While blue light therapy does not affect adrenocorticotropic hormone (ACTH) levels, it might lessen hair growth—probably by mimicking the longer days of summer, said Barbara Murphy, PhD, assistant professor in University College Dublin’s School of Agriculture and Food Science, in Ireland.

The findings do not offer a cure for the disease itself but offer a way to improve welfare by making PPID-positive horses more comfortable, said Murphy. “If there’s any way we can mitigate one of the major symptoms , let’s do it!” she said.

Horses with PPID have greater-than-normal increases of ACTH in autumn, and their winter coats often grow in heavier and thicker than other horses’, Murphy explained. This excessive hair growth, known as hypertrichosis, can make horses uncomfortably warm and put them at risk for skin infections, especially as the days begin to get warmer the following spring and the hair does not shed normally. While the drug pergolide and body shearing can help with hypertrichosis, many horses continue to grow thick coats that might affect their ability to thermoregulate.

Researchers have suggested that blue light—one of the wavelengths found in natural sunlight—influences the horse’s natural circadian rhythms. This affects seasonal hormone regulations that influence hair growth, Murphy said. Aiming to help owners better control the amount of “daylight” horses get, Murphy developed a light mask for horses—which projects a small ray of blue wavelength light onto one eye. Aside from using the masks to manipulate mares’ estrous cycles, people have been using the masks on horses starting in mid-spring to help sport horses maintain a summer coat year-round, she said.

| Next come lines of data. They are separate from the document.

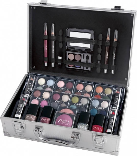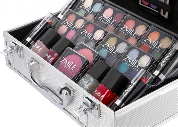 Odkryj uniwersalny kosmetyczny kuferek do makijażu dziennego i wieczorowego. Eleganckie srebrne etui skrywa 51 elementów, w tym 32 cienie do powiek, pomadki, lakiery do paznokci, róże oraz kredki do oczu i ust. Przetestowany dermatologicznie i zgodny z normami UE – idealny jako prezent i podróżny zestaw beauty.
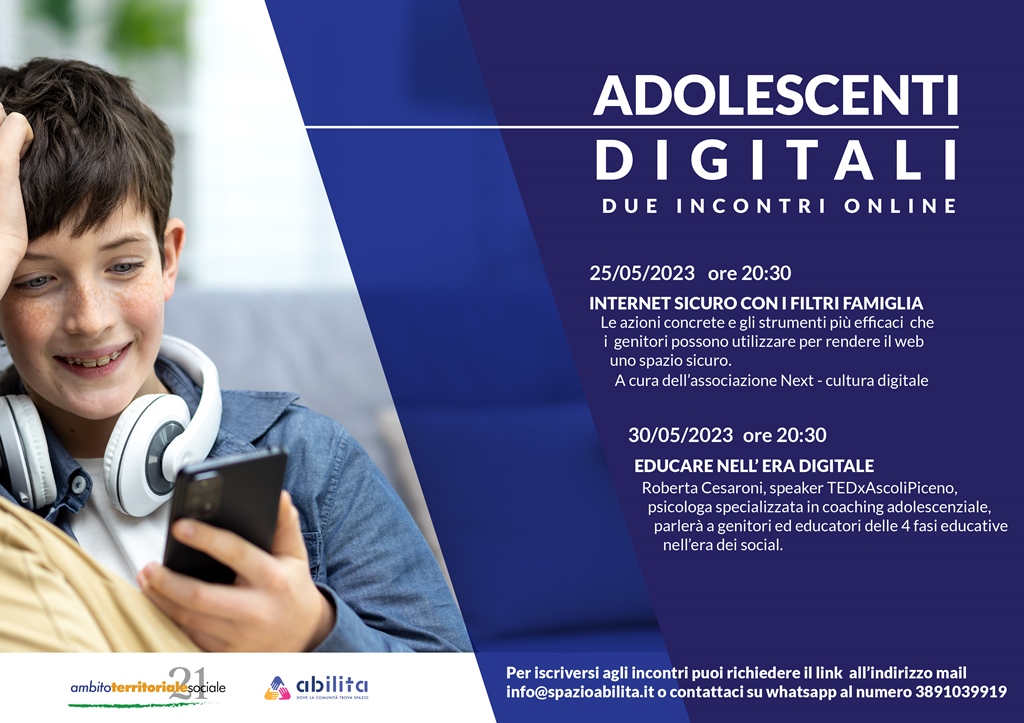 SI SEGNALANO I PRIMI DUE INCONTRI ON LINE DEL LABORATORIO ADOLESCENTI DIGITALI 25/05/2023 E 30/05/2023 ALLE ORE 20.30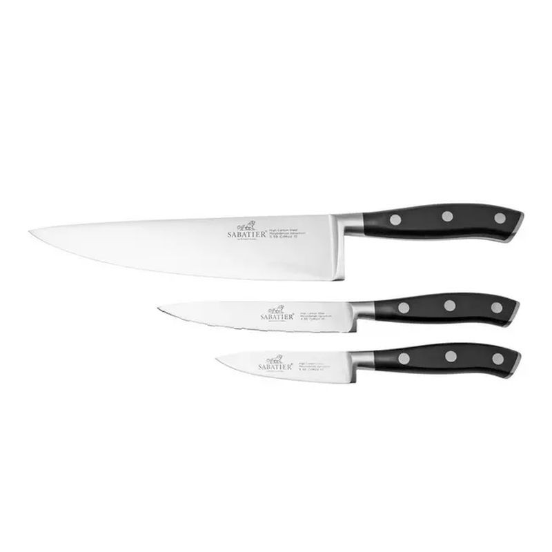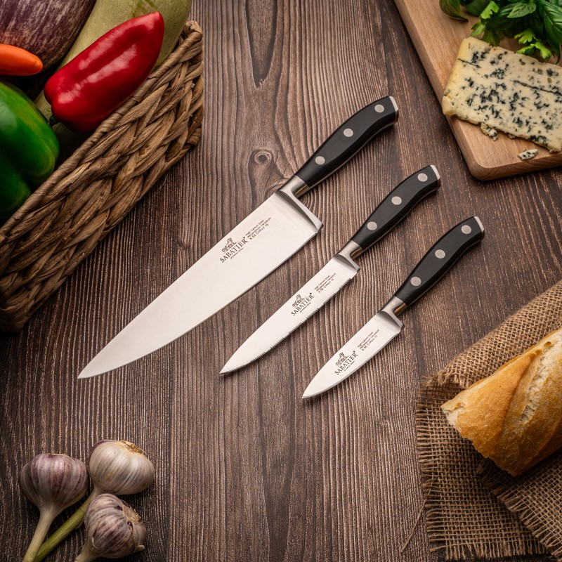 Olenemata sellest, kas olete professionaalne kokk või naudite lihtsalt toiduvalmistamist, on Sabatier® Internationali noad ideaalne valik. See 3-noakomplekt sisaldab 9 cm teraga puu- ja juurviljade koorimisnuga, 13 cm teraga sakilise tarbenuga ja 20 cm kokanuga. Noad on valmistatud roostevabast terasest X40Cr13. See on teras, mis säilitab oma teravuse kaua ja mida on lihtne teritada. Tugev ja töökindel noa käepide on valmistatud ABS-plastikust koos 3 roostevabast terasest neediga. Need noad on mõeldud kasutamiseks igas köögis ja tagavad teile kindlasti aastatepikkuse kasutusea.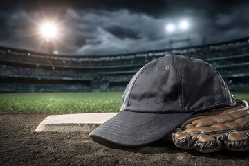 Baseball Cap And Glove On Field Home Plate At Night Game Stadium Lights Blazing

“What blue light does is regulate melatonin,” Murphy said. “And melatonin is a hormone which basically governs the seasonal activity and a bunch of other hormones for horses—one of them being prolactin—which is responsible for hair shedding. And my work has shown previously that we can shed out horses at different times of the year.”

Blue-Light-Masking Senior PPID Study Horses

Amanda Adams, PhD, an associate professor and specialist in equine immunology at the University of Kentucky, in Lexington, read about Murphy’s sport-horse-based work and wondered if blue light might also help PPID-affected horses. Along with her student, Ashton Miller, PhD, Adams teamed up with Murphy to study 18 PPID-positive senior horses of various breeds, all living at the same research center near Lexington. None were being treated with pergolide at the time of the study.

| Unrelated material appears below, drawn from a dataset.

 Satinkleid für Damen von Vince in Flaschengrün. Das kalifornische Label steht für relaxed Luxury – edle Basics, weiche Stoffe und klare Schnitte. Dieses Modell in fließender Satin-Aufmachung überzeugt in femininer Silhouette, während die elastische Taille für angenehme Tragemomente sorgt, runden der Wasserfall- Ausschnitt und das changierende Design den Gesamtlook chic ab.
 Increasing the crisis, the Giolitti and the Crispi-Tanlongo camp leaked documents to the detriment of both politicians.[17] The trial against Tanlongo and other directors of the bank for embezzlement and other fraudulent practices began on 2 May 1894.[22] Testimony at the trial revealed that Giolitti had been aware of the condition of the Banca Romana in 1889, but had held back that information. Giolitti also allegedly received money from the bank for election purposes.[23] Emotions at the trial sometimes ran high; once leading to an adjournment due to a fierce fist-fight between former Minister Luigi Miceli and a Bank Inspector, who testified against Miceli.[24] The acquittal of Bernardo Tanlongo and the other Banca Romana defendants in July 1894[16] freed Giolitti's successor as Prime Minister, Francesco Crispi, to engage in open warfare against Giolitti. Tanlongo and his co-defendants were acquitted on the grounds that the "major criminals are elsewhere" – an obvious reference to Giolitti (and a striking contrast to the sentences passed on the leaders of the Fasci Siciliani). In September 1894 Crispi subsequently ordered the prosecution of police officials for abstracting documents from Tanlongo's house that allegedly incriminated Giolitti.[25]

The team equipped eight of the horses with blue light masks from mid-July to late-October, and the other horses had no exposure to artificial lighting. The masks provided horses with a total of 14.5 hours per day of blue light, including the natural sunlight hours. Those without masks had only about 10.5 hours of blue light via sunlight per day, Murphy said.

Average ACTH levels did not vary between the two groups of horses at the start of the study or at several time points in mid-October, Murphy said. There were also no differences in average body weight, body temperature, heart rate, or respiratory rate between groups.

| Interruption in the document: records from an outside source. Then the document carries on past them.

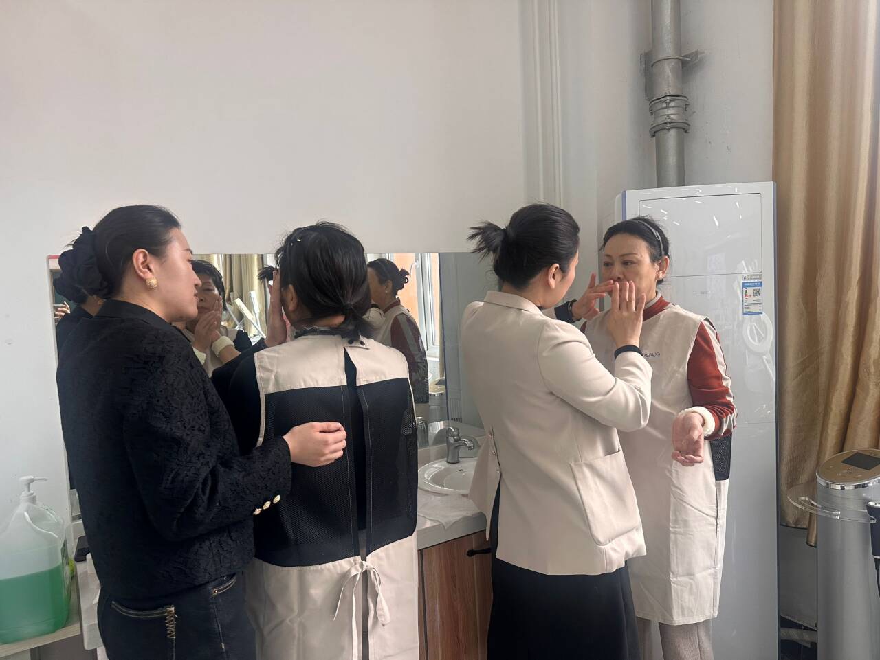 本次庆祝活动特别邀请了润芳可(上海)生物科技有限公司的美容护肤专家蔡云雪女士,为女教工们带来了一场别开生面的美容护肤公益讲座。蔡女士从皮肤管理体系、护肤产品选择以及科学的护肤方法等方面进行了深入浅出的讲解。她强调,科学的护肤不仅能有效改善肌肤问题,还能提升个人自信和魅力。在讲座中,蔡女士还分享了许多实用的护肤小技巧,让在场的女教工们受益匪浅。讲座结束后,活动进入了沉浸体验环节。在旅游航空学院美容护理实训室,蔡云雪女士亲自示范了如何通过科学美容观进行护肤保养。女教工们积极参与,亲身体验了专业美容护理的全过程。现场气氛活跃,大家在轻松愉快的氛围中,不仅学到了实用的美容知识,还增进了彼此之间的交流和友谊。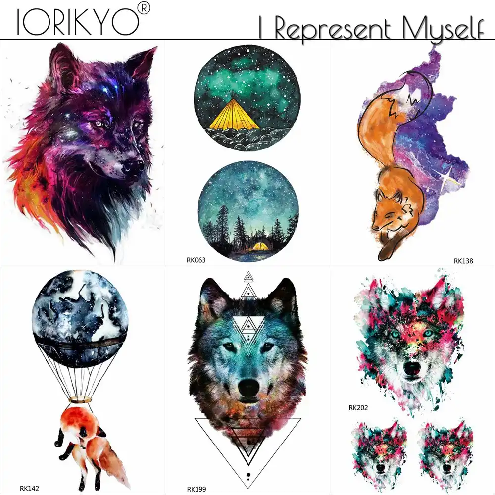 Galaxy Wolf Moon Wolf Geometric Waterproof Fake Tattoos Stickers For Men Arm Temporary Tattoo For Women Chest Custom Tatto Decal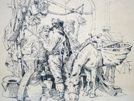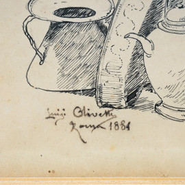Il mercante, matita e inchiostro su carta, firmato e datato "Luigi Olivetti Roma 1884" in basso a sinistra, misure comprese passepartout cm 30x25,5, entro cornice

However, masked horses’ individual hairs—sampled from behind the hip on seven separate days throughout the experiment—weighed less than those of control horses, Murphy said. And although their coats were lighter, the horses still developed warm enough winter coats to not require blanketing the following winter, she added.

“I was really excited by those results,” Murphy said. “We did see a lessening of the thickness of and the length of the hairs that grew. The hairs were finer, and they didn’t grow as heavy a coat by the end of the study. We care so much for these animals, and we really want to see their welfare improved with this condition.”

Bigger, Longer, International Study Now Underway

The findings confirm some of the stories Murphy heard from owners who had already tried the masks on their PPID horses. Those anecdotal tales of success combined with the encouraging results in this preliminary study motivated Murphy to take a deeper look on a larger scale.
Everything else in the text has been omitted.